Li, Xiangman, Wu, Xiaodong, Li, Qi, Ni, Jianbing, Lu, Rongxing

arXiv.org Artificial Intelligence 

--Jailbreak attacks pose a serious threat to the safety of Large Language Models (LLMs) by crafting adversarial prompts that bypass alignment mechanisms, causing the models to produce harmful, restricted, or biased content. In this paper, we propose SafeLLM, a novel unlearning-based defense framework that unlearn the harmful knowledge from LLMs while preserving linguistic fluency and general capabilities. SafeLLM employs a three-stage pipeline: (1) dynamic unsafe output detection using a hybrid approach that integrates external classifiers with model-internal evaluations; (2) token-level harmful content tracing through feedforward network (FFN) activations to localize harmful knowledge; and (3) constrained optimization to suppress unsafe behavior without degrading overall model quality. SafeLLM achieves targeted and irreversible forgetting by identifying and neutralizing FFN substructures responsible for harmful generation pathways. Extensive experiments on prominent LLMs (Vicuna, LLaMA, and GPT -J) across multiple jailbreak benchmarks show that SafeLLM substantially reduces attack success rates while maintaining high general-purpose performance.
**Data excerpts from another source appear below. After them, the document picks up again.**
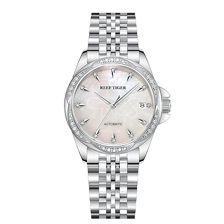 REEF TIGER Top Brand Luxury Women Steel Diamond Fashion Automatic Watch RGA1583-2
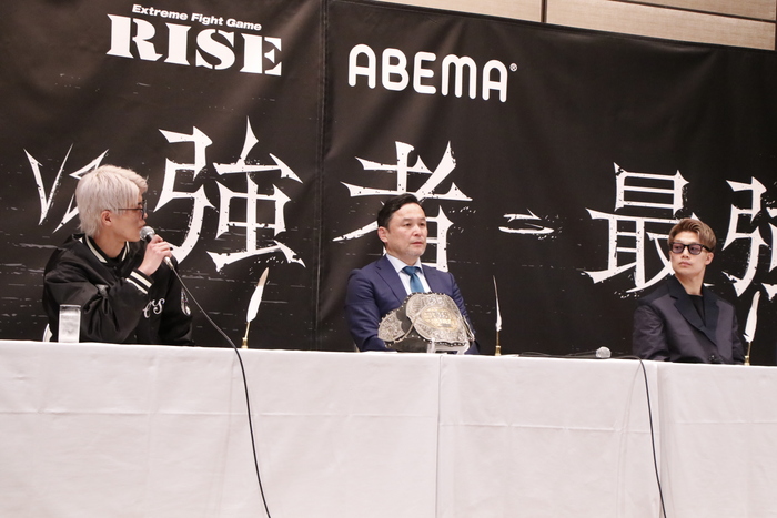 タイトルマッチ調印式を終えると、伊藤隆RISE代表は「3年ぶりにスーパーライト級王座が決まります。勝者は6月から始まる65kgトーナメントにシード権を与えたい。勝つことによって世界へ動く」と話した。
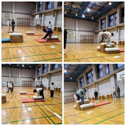 放課後、本校教職員による「跳び箱」の実技研修を行いました。
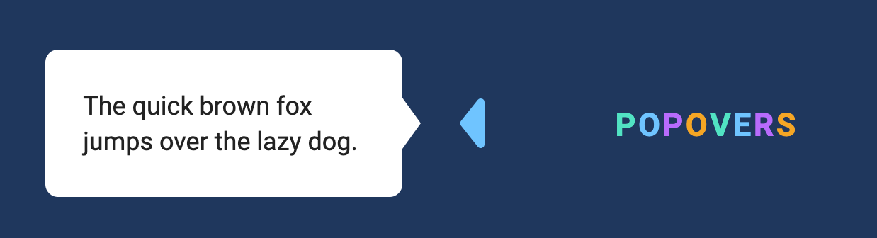 <!-- Popover trigger --><button class="popover-trigger" data-popover-position="left"> <svg viewBox="0 0 40 20"> <use xlink:href="#arrow"></use> </svg></button><!-- Popover HTML --><div class="popover" data-position="left"> <p>The quick brown fox jumps over the lazy dog.</p></div>Code for the left popover is similar to the top popover. It can be hard to write the left popover’s code if we need to avoid variable name collisions with the top popover. The best way to overcome this is to isolate the top popover’s code.
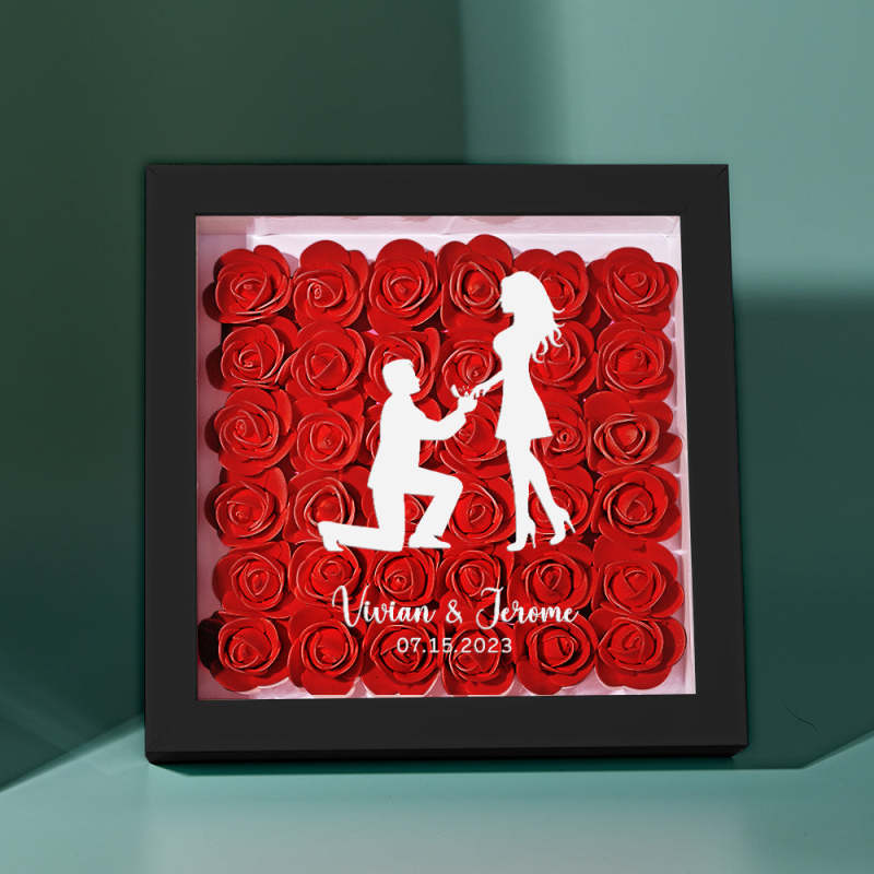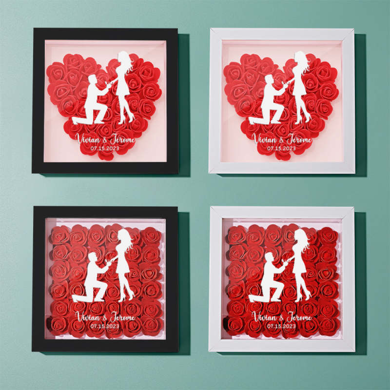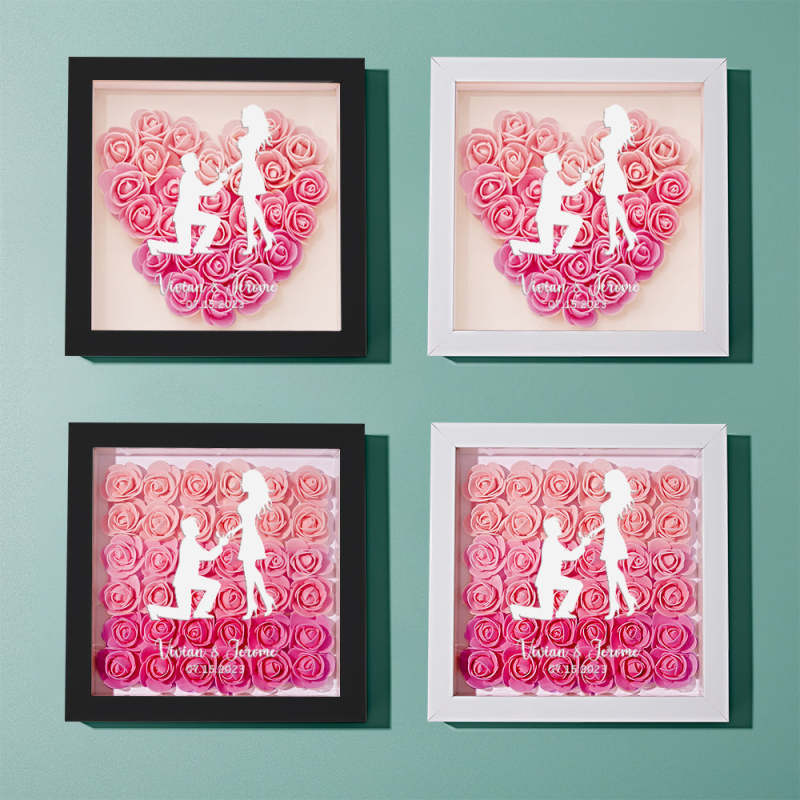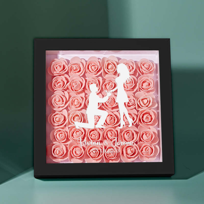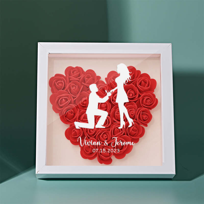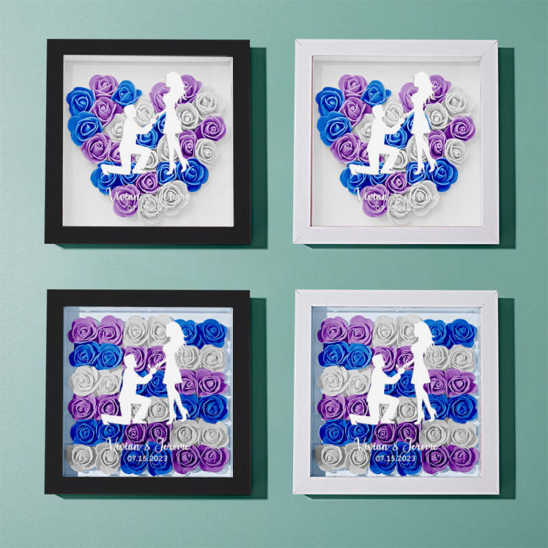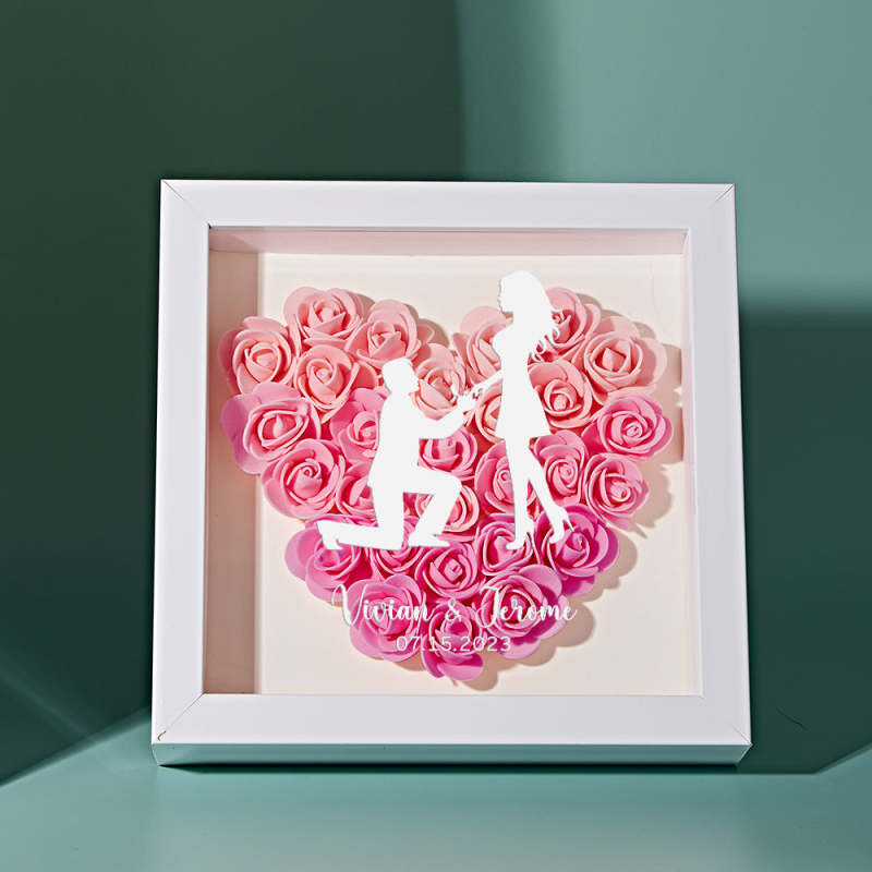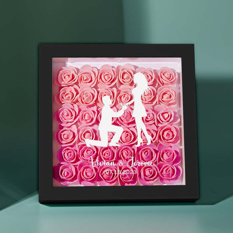 Custom Flower Shadow Box Personalized Name Flower Shadowbox Frame Gift for Couple
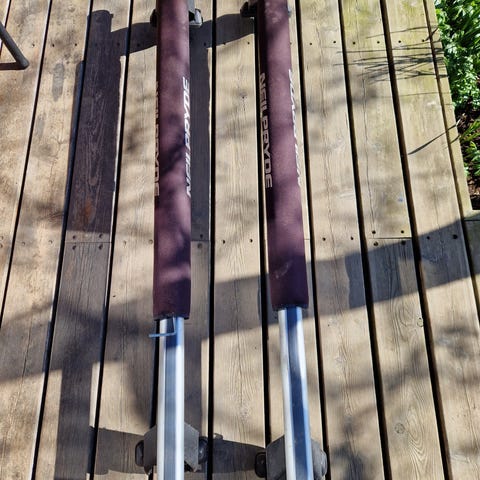 Thule tagbøjler i sølvfarvet aluminium med sorte plastfødder. Brugt på BMW 520d f11 wingbar edge
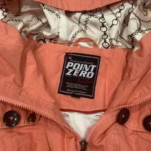 Fully lined salmon, color, zip up jacket, perfect for the spring and fall fully functional weather protection made out of 52% polyester 45% cotton 3% metallic
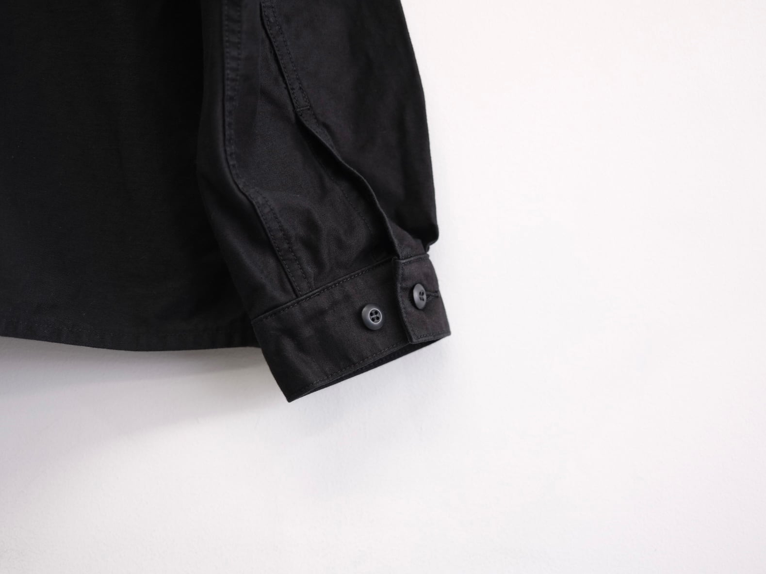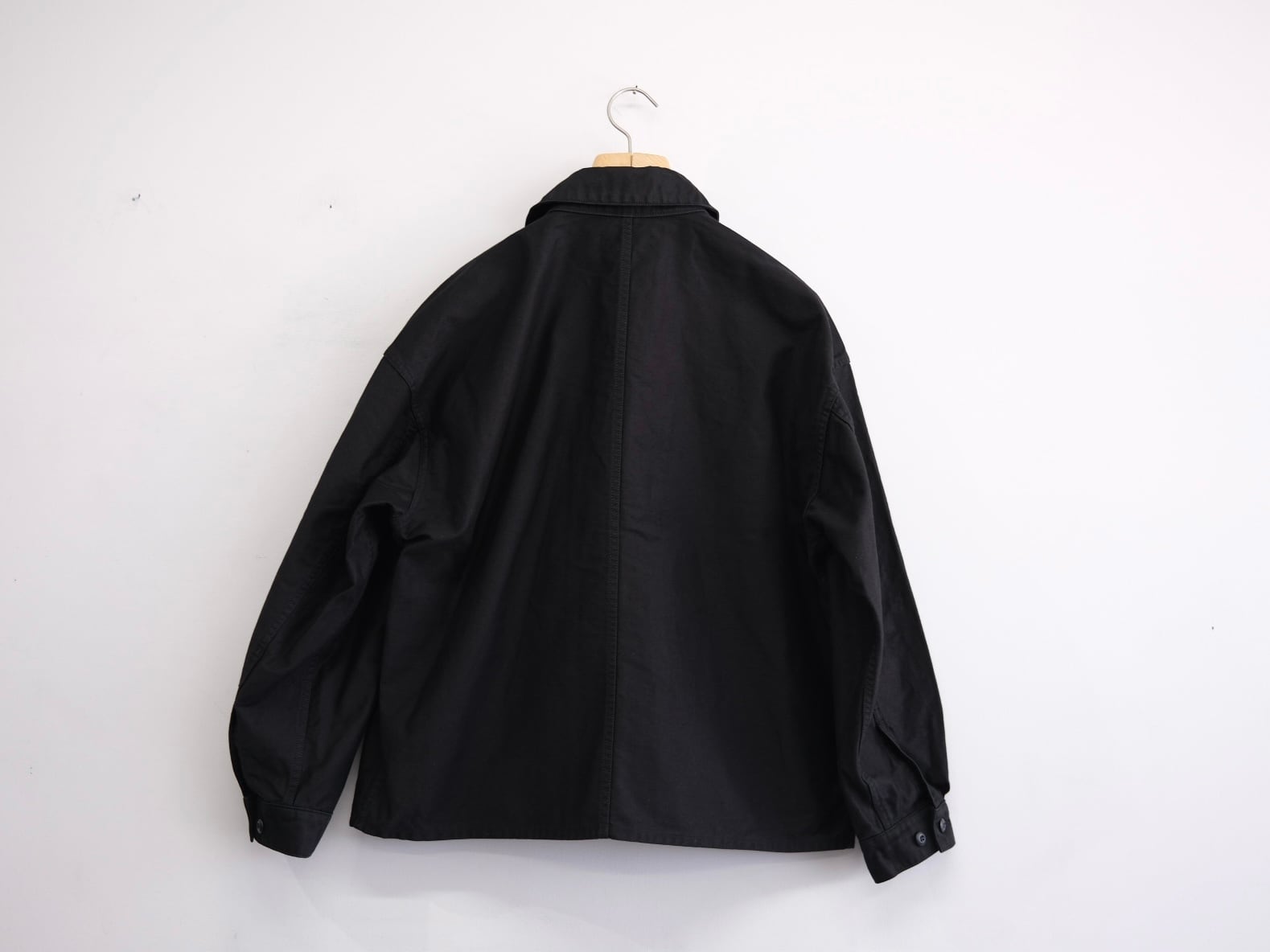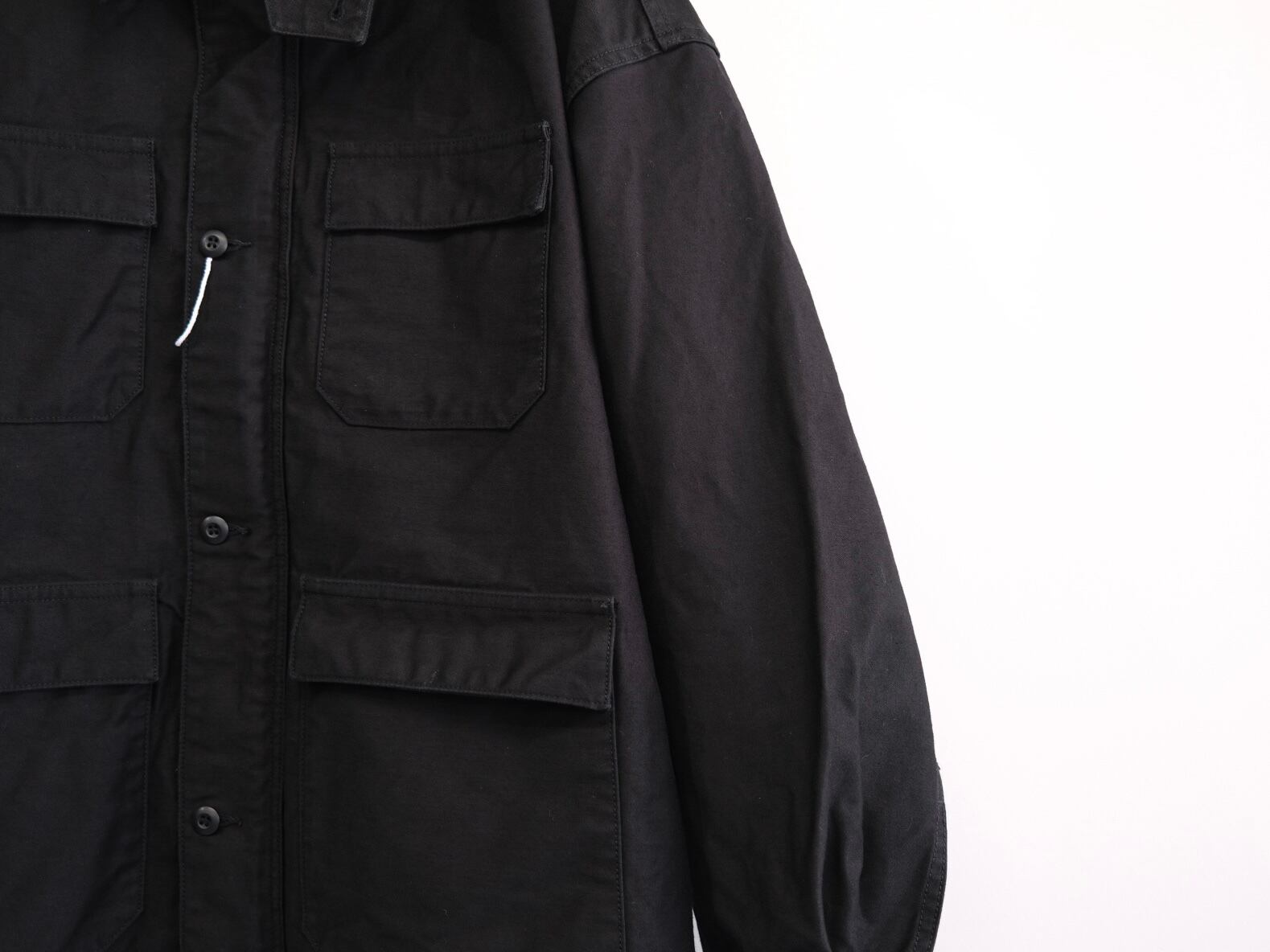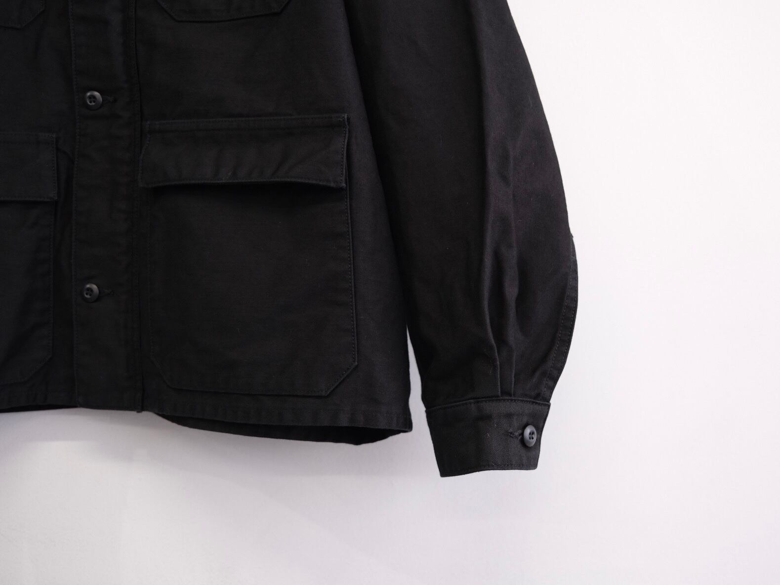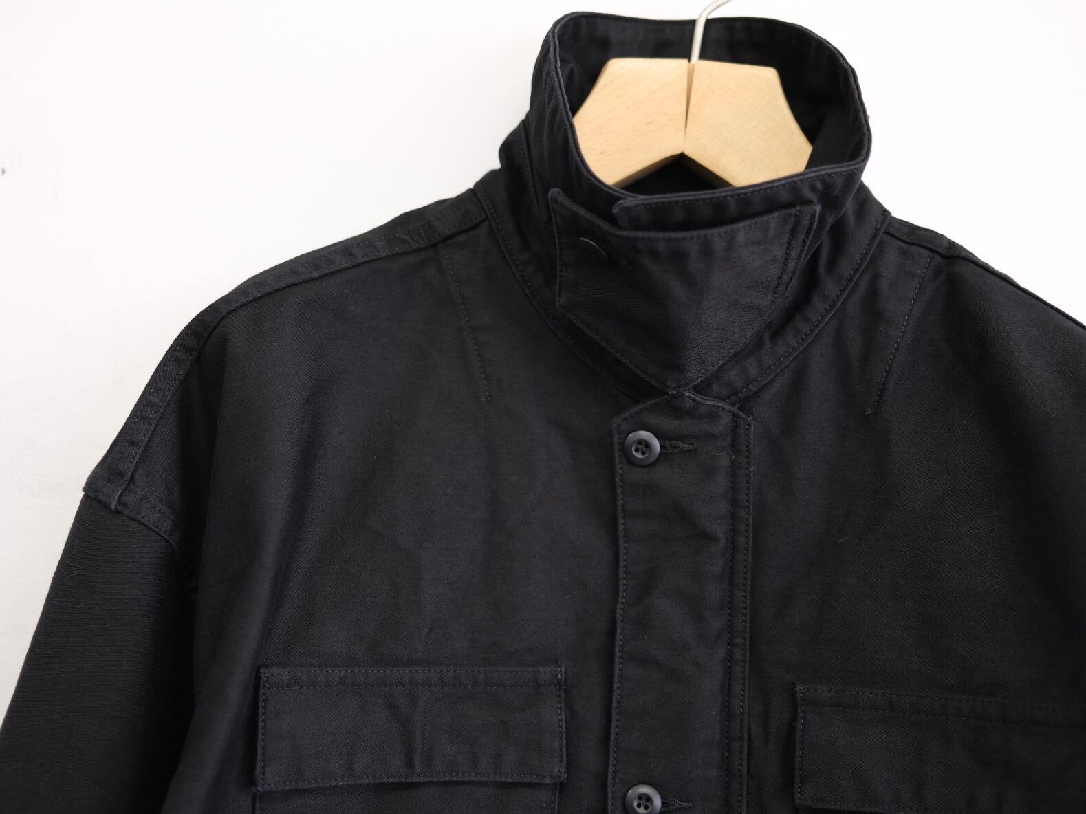 REVERBERATE が提案するファティーグジャケット。製品はバイオウォッシュ加工を施し、ダブルジップで上下開閉可能。ボックスシルエットながら、コンパクトな印象。襟を立て、襟裏のストラップで止めて着用可能。全て巻縫い仕上げを採用し、タフな仕上がりになっている。

Compared to standard defense methods such as supervised fine-tuning and direct preference optimization, SafeLLM offers stronger safety guarantees, more precise control over harmful behavior, and greater robustness to unseen attacks. Moreover, SafeLLM maintains the general performance after the harmful knowledge unlearned. Large Language Models (LLMs) are a class of foundation models trained on massive datasets, enabling them to understand and generate not only natural language but also a variety of other content types. These capabilities enable LLMs to perform a wide array of tasks, ranging from general-purpose language processing to domain-specific applications across fields such as healthcare, law, finance, and education. Built on deep learning architectures like Transformers, LLMs excel in tasks including summarization, translation, question answering, and sentiment analysis.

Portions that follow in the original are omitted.